Updated by Lucas Di Pentima over 6 years ago
- Faster writes (no conversion process involved)
- Input text is saved as is, so things like key ordering and indentation are preserved
- Duplicated attributes get deduplicated & whitespaces removed (potential storage space savings)
- Significantly faster processing
- Indexable / searchable
From what I could read on docs and forum comments, the general rule for deciding whether to use JSON over JSONB is that if data will be processed on the application itself, JSON would be fine, otherwise it is probably more convenient to use JSONB.

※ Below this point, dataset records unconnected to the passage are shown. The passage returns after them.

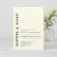 Den här inbjudan innehåller en sofistikerad bakgrund av elfenben med minimal design. Parets namn framhävs med fet, elegant typografi, vilket tillför inbjudan en del modern elegans. Baksidan har QR-kod och initialer i monogram.
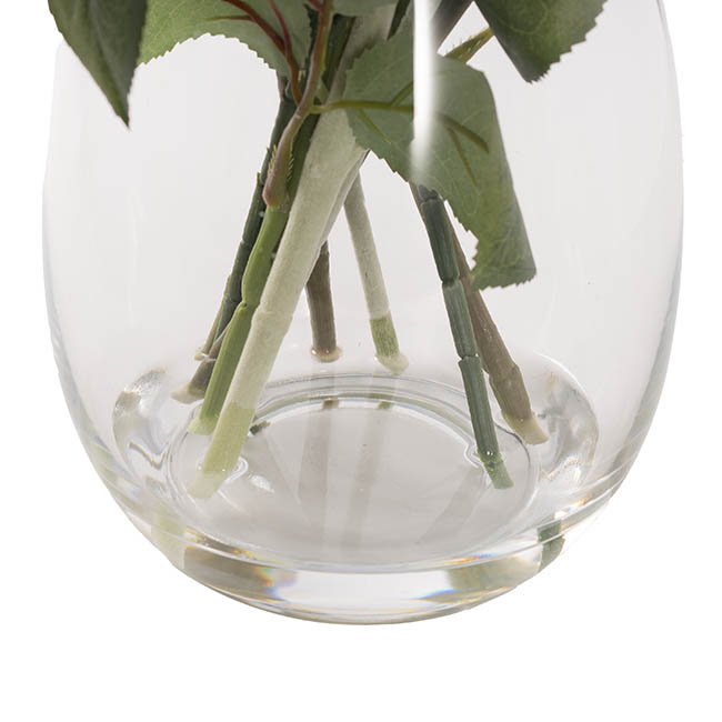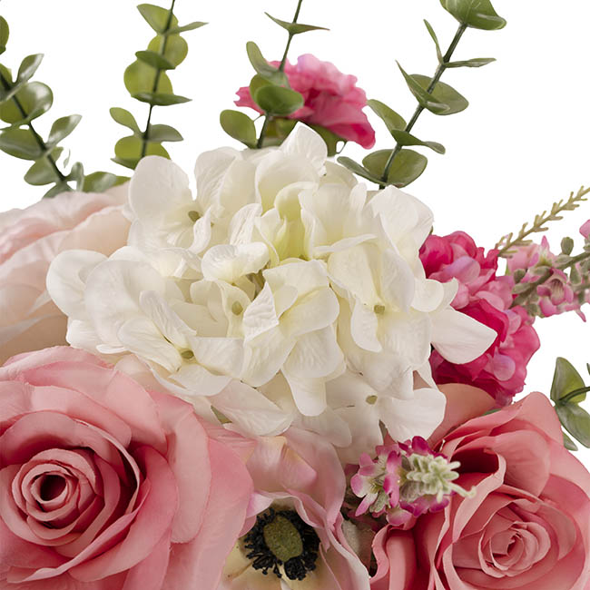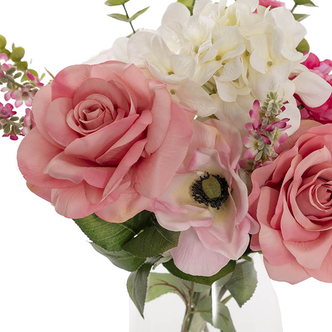 The Nicole flower arrangement is a vibrant blend of 10 stems featuring roses, hydrangea, zinnias, poppies, and eucalyptus leaves for a fresh, garden-inspired look. Set in a glass vase and secured with clear resin acrylic water, it offers a lifelike, long-lasting finish. The vase stands 18cm tall, 14cm wide, with an 11cm top diameter—perfect for brightening up any tabletop or shelf. Some light styling is needed after unboxing to bring the arrangement to life.
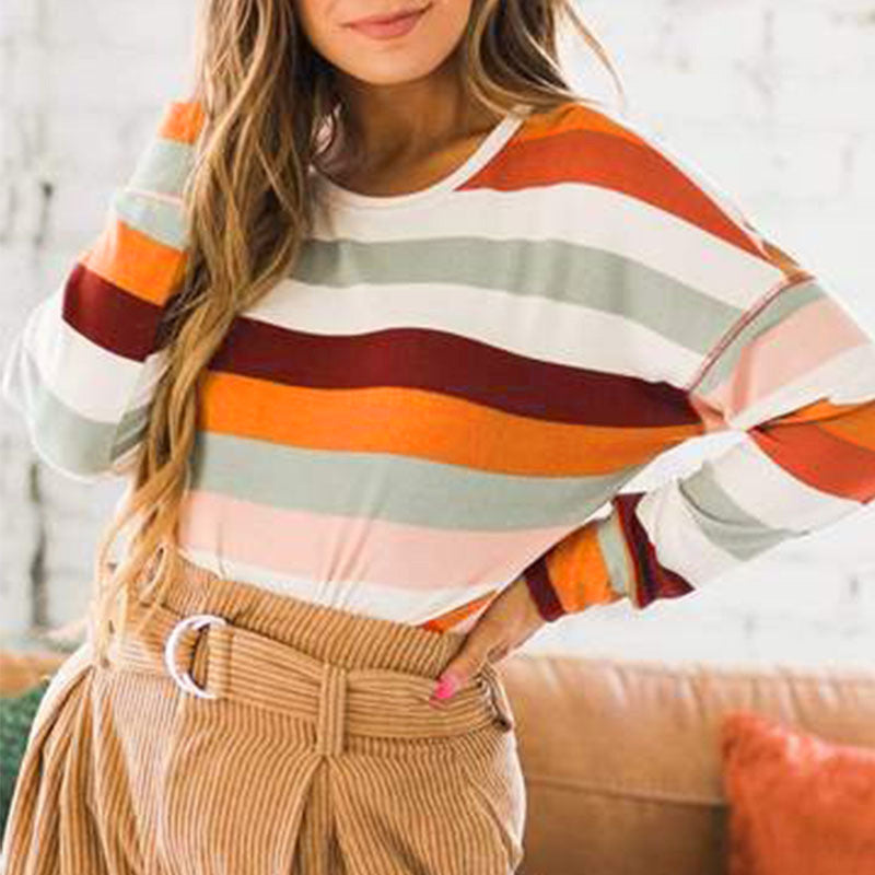 • Paket: 1 * Kontrastgestreiftes Langarm-T-Shirt mit Rundhalsausschnitt

I’ve found mixed references about which type is more compact/faster to retrieve, no clear answer to that.
Updated by Lucas Di Pentima over 6 years ago
- Related to Feature #13562: [API] Add JSONB properties field on groups added
Updated by Tom Morris over 6 years ago
- Target version changed from To Be Groomed to Arvados Future Sprints
- Story points set to 1.0
Updated by Peter Amstutz over 6 years ago
I should mention that indexing properties on container_requests is necessary to fully implement the Workflow Execution Service (WES) spec, which includes filtering on key-value tags.
Updated by Tom Morris over 6 years ago
- Target version changed from Arvados Future Sprints to 2018-06-20 Sprint
Updated by Peter Amstutz over 6 years ago
12960-migrate-properties @ a518eb2b3b743259fe51b1e61d2648677e583cac
Convert links.properties and container_requests.properties, nodes.properties, and nodes.info to jsonb and add gin index.
Updated by Peter Amstutz over 6 years ago
- Status changed from New to In Progress
Updated by Tom Clegg over 6 years ago
LGTM.
Strangely, the db:migrate output is verbose about the container_requests.properties iteration but silent about the others.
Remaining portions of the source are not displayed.